By rttrek on 4/15/2013 2:36:19 PM , Rating: 3
the power output of the Saturn V 1st stage is roughly 60 GigaWatts

Which is also almost three times the power required to propel a DeLorean through time!

RE: ArsTechnica...
By titanmiller on 4/15/2013 10:58:56 PM , Rating: 2
Almost 30 times...

RE: ArsTechnica...
By FishTankX on 4/16/2013 5:47:10 PM , Rating: 2
Rocket engines develop crazy power that's for sure. Another interesting one I saw was that. A747 outputs 140mw so the saturn outputs the same as about 330 747s.
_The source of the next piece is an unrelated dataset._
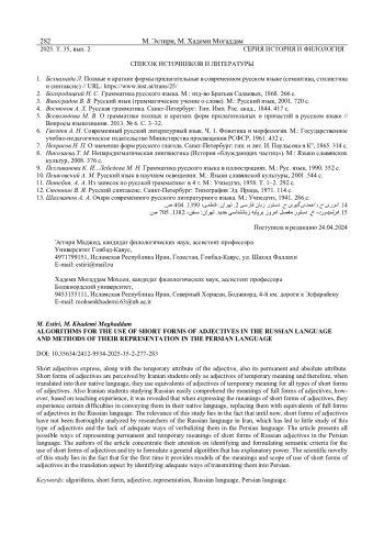 1. Бехнамади Л. Полные и краткие формы прилагательные в современном русском языке (семантика, стилистика и синтаксис) // URL: https://www.inst.at/trans/25.
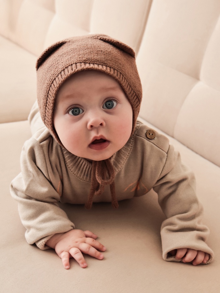 Шапка для малышей «Крошка Я», размер 48-50, бежевая 3 фото

Another mind boggling one I saw was the tsar bombs hydrogen bomb when it exploded released about 30YW. Which is about 30,000,000,000,000,000,000,000,000 watts or one tenth the power output of the sun.

RE: ArsTechnica...
By JKflipflop98 on 4/18/2013 6:29:47 AM , Rating: 2
There's no way any man made device reached a power output of 1/10th of the sun. The Earth would be blown to ashes.

RE: ArsTechnica...
By ShieTar on 4/23/2013 3:03:39 AM , Rating: 2
As a peak power, that's actually quiet possible. But it would only act for a very tiny fraction of a second. It lies in the functional principle of a bomb to generate a lot of power in the very short time before the power destroys the bomb, and the exponential reaction in a nuclear bomb does most of its work in the last nanosecond of its existence.
Of course the overall energy generated of about 240 PJ is nothing compared to the energy output of the sun with about 380 billion PJ per second.
You can also buy laboratory lasers which output close to 1 GW of peak power, but that is focused in femto-second pulses, and the overall energy is still low enough to stop the beam with a piece of aluminum foil.